## EXERCISE PROMPT
The records that follow must be reproduced in full, with every picture excluded.
___
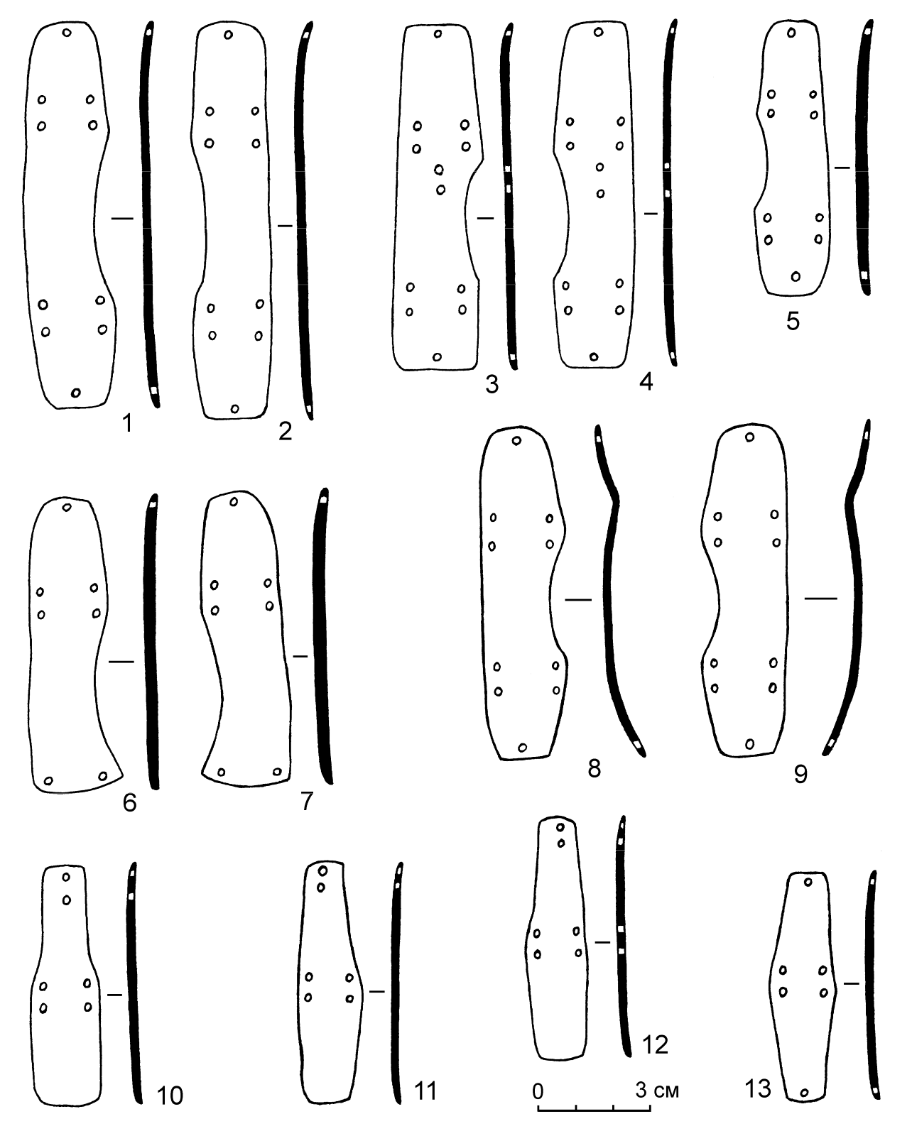 Тип VII. Пластины ромбической формы (рис. 1, 13). Размеры: длина – 6,2 см, максимальная ширина – 1,8, толщина – 0,2 см. Снабжены 6 отверстиями.
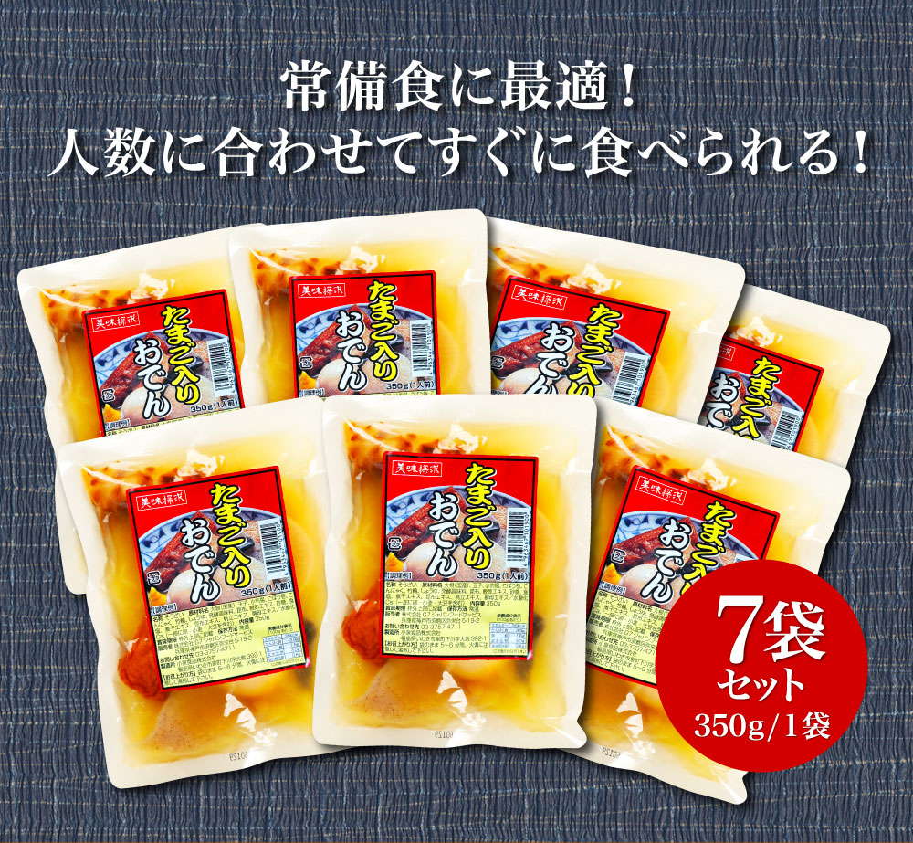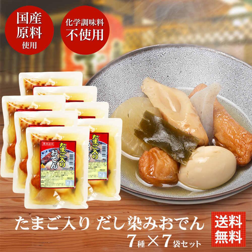 【クーポンで15%OFF】 おでん レトルト たまご入り だし染みおでん 7種 350g ×7袋 常温保存 レンジ対応 送料無料 おでんパック 化学調味料不使用 日持ち
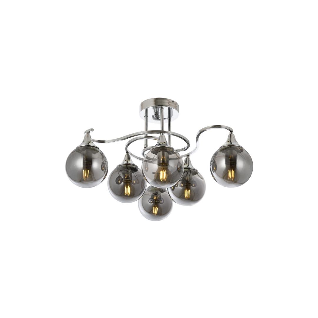 Introducing our stunning Chandelier, a masterpiece that will elevate the ambiance of any room. Crafted with a metal body and adorned with a mesmerizing glass cap, this chandelier exudes sophistication and grace. Its sleek design and chrome color make it a perfect fit for any modern or industrial setting.
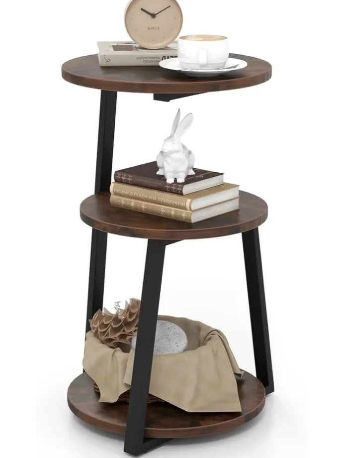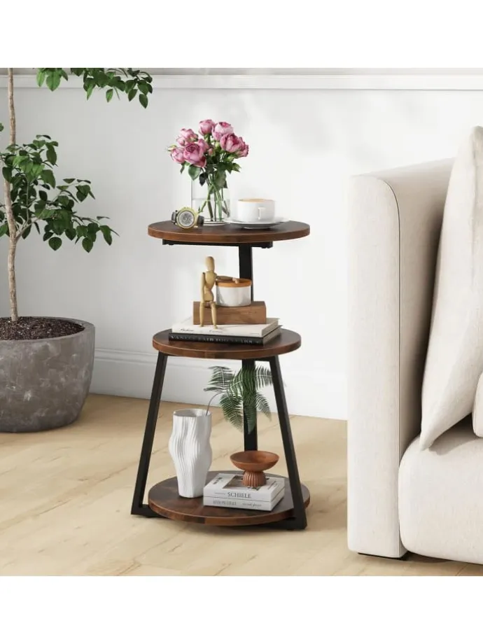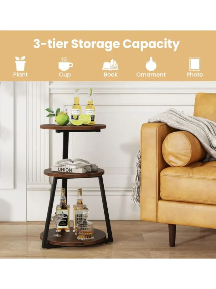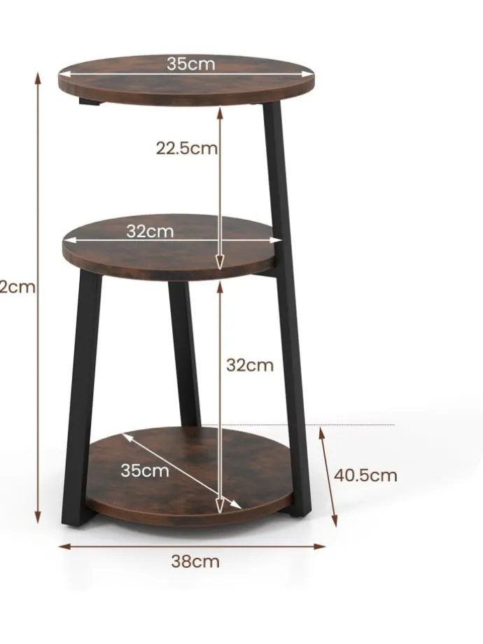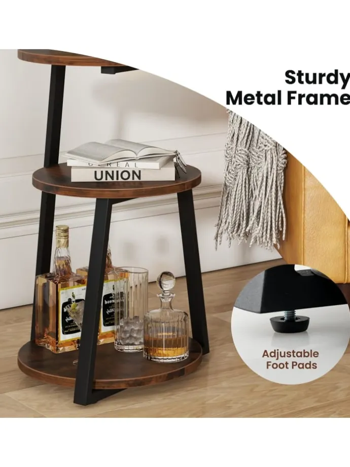Erhöhen Sie Ihren Raum mit dem 3-stufigen Beistelltisch, einem Aufbewahrungshafen, der Funktionalität und Stil vereint. Dieses aus Metall gefertigte Stück verfügt über eine großzügige obere Oberfläche und 2 offene Regale, perfekt zum Verstauen von Büchern, Dekorationsartikeln oder Ihren Lieblings-Snacks. Sein robuster Metallbau verspricht Langlebigkeit, während verstellbare Fußpads eine stabile Standfläche auf jedem Boden bieten. Das industrielle Design passt nahtlos in verschiedene Raumästhetiken. Die Montage ist ein Kinderspiel, und die Pflege ist so einfach wie ein schnelles Abwischen mit einem Tuch.
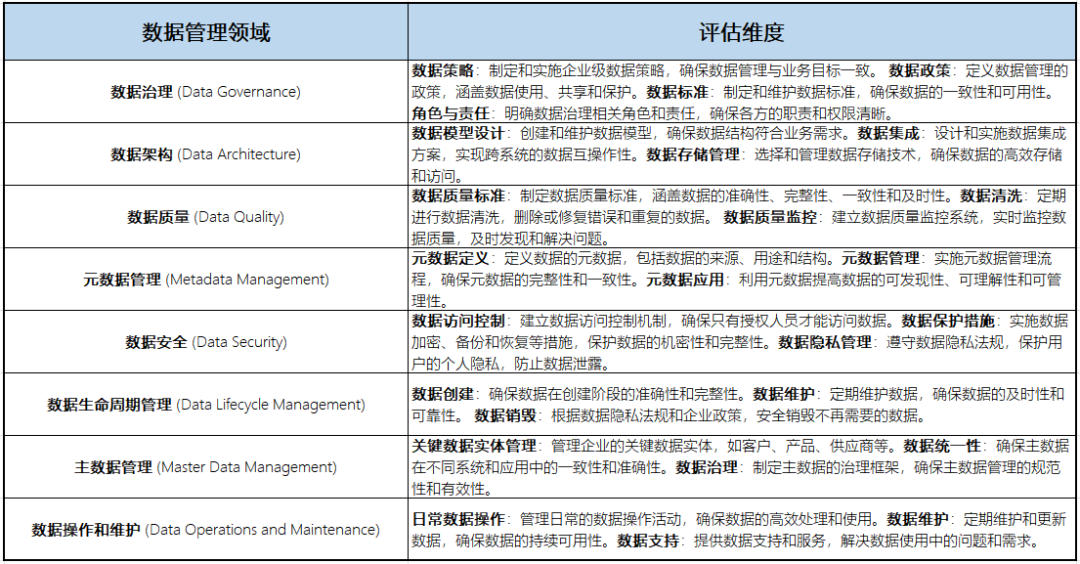 DCMM通常涵盖以下关键数据管理领域,每个领域包括若干评估维度:
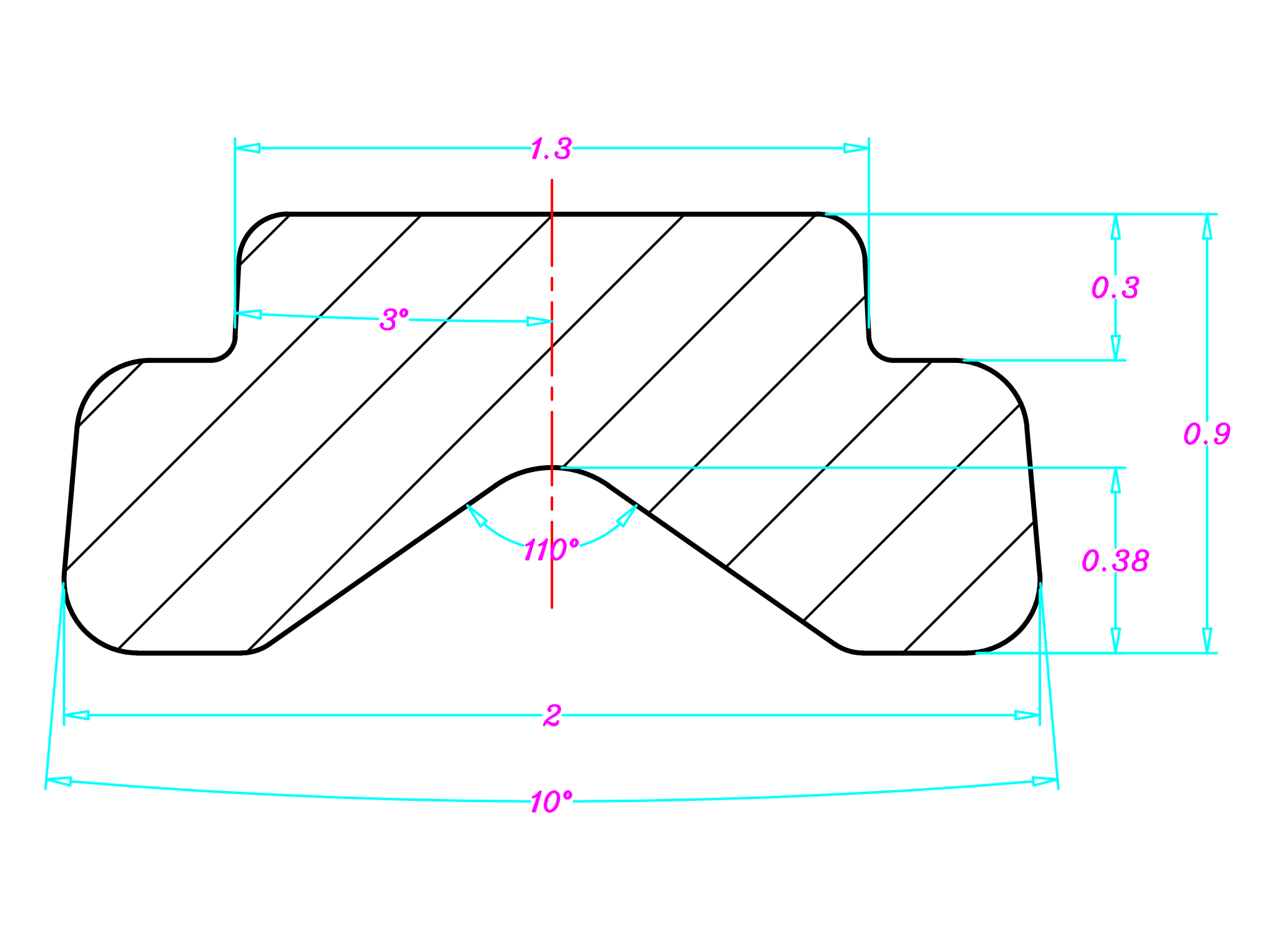 JAK0873T-钛合金V凸2.0×1.2(1.0×0.5)mm
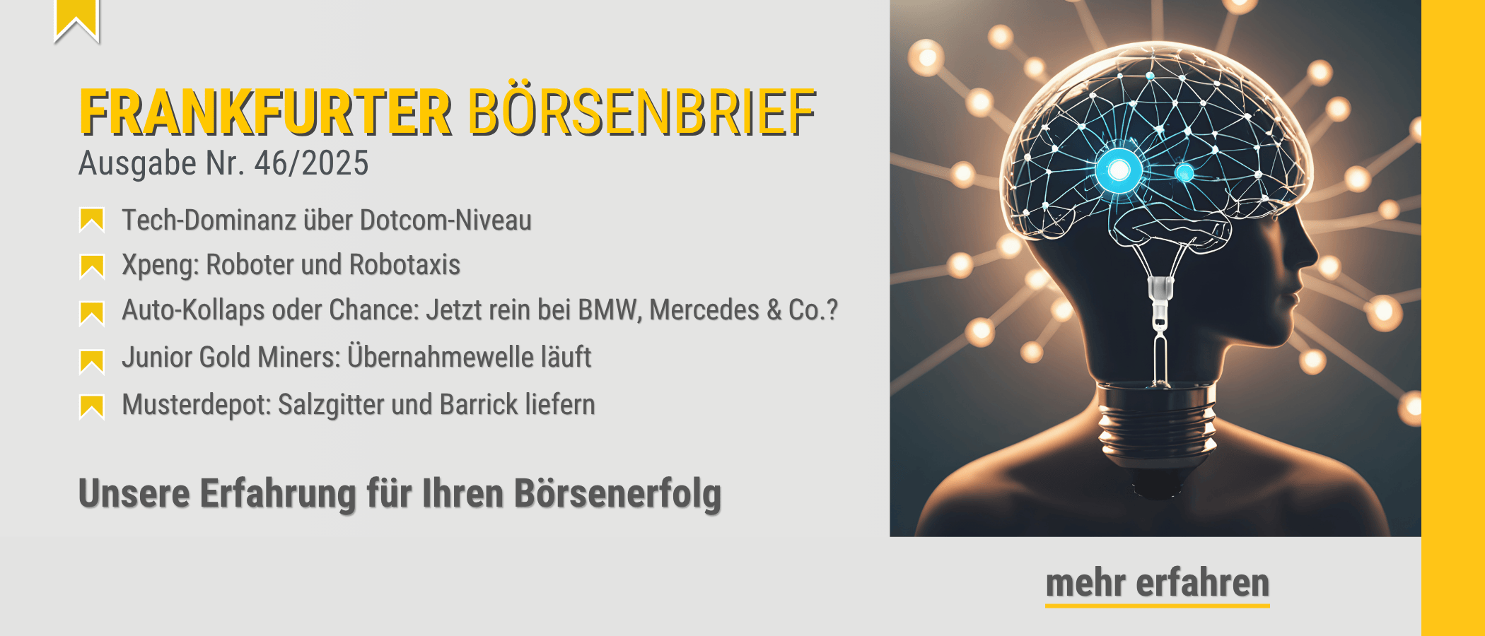 Es freut mich, Abonnent der Actien-Börse zu sein. Auch als Leser des Bernecker-Daily und des Aktionärsbriefs freue ich mich jede Woche aufs Neue. Kompetente und kompakte Analysen, Recherchen und Empfehlungen erster Güte begleiten meine Aktivitäten als Anleger wöchentlich seit vielen Jahren. Und dies zu meiner vollsten Zufriedenheit. Vielen herzlichen Dank.
___
## RESULT FOR THIS EXERCISE
 Тип VII. Пластины ромбической формы (рис. 1, 13). Размеры: длина – 6,2 см, максимальная ширина – 1,8, толщина – 0,2 см. Снабжены 6 отверстиями.
 【クーポンで15%OFF】 おでん レトルト たまご入り だし染みおでん 7種 350g ×7袋 常温保存 レンジ対応 送料無料 おでんパック 化学調味料不使用 日持ち
 Introducing our stunning Chandelier, a masterpiece that will elevate the ambiance of any room. Crafted with a metal body and adorned with a mesmerizing glass cap, this chandelier exudes sophistication and grace. Its sleek design and chrome color make it a perfect fit for any modern or industrial setting.
Erhöhen Sie Ihren Raum mit dem 3-stufigen Beistelltisch, einem Aufbewahrungshafen, der Funktionalität und Stil vereint. Dieses aus Metall gefertigte Stück verfügt über eine großzügige obere Oberfläche und 2 offene Regale, perfekt zum Verstauen von Büchern, Dekorationsartikeln oder Ihren Lieblings-Snacks. Sein robuster Metallbau verspricht Langlebigkeit, während verstellbare Fußpads eine stabile Standfläche auf jedem Boden bieten. Das industrielle Design passt nahtlos in verschiedene Raumästhetiken. Die Montage ist ein Kinderspiel, und die Pflege ist so einfach wie ein schnelles Abwischen mit einem Tuch.
 DCMM通常涵盖以下关键数据管理领域,每个领域包括若干评估维度:
 JAK0873T-钛合金V凸2.0×1.2(1.0×0.5)mm
 Es freut mich, Abonnent der Actien-Börse zu sein. Auch als Leser des Bernecker-Daily und des Aktionärsbriefs freue ich mich jede Woche aufs Neue. Kompetente und kompakte Analysen, Recherchen und Empfehlungen erster Güte begleiten meine Aktivitäten als Anleger wöchentlich seit vielen Jahren. Und dies zu meiner vollsten Zufriedenheit. Vielen herzlichen Dank.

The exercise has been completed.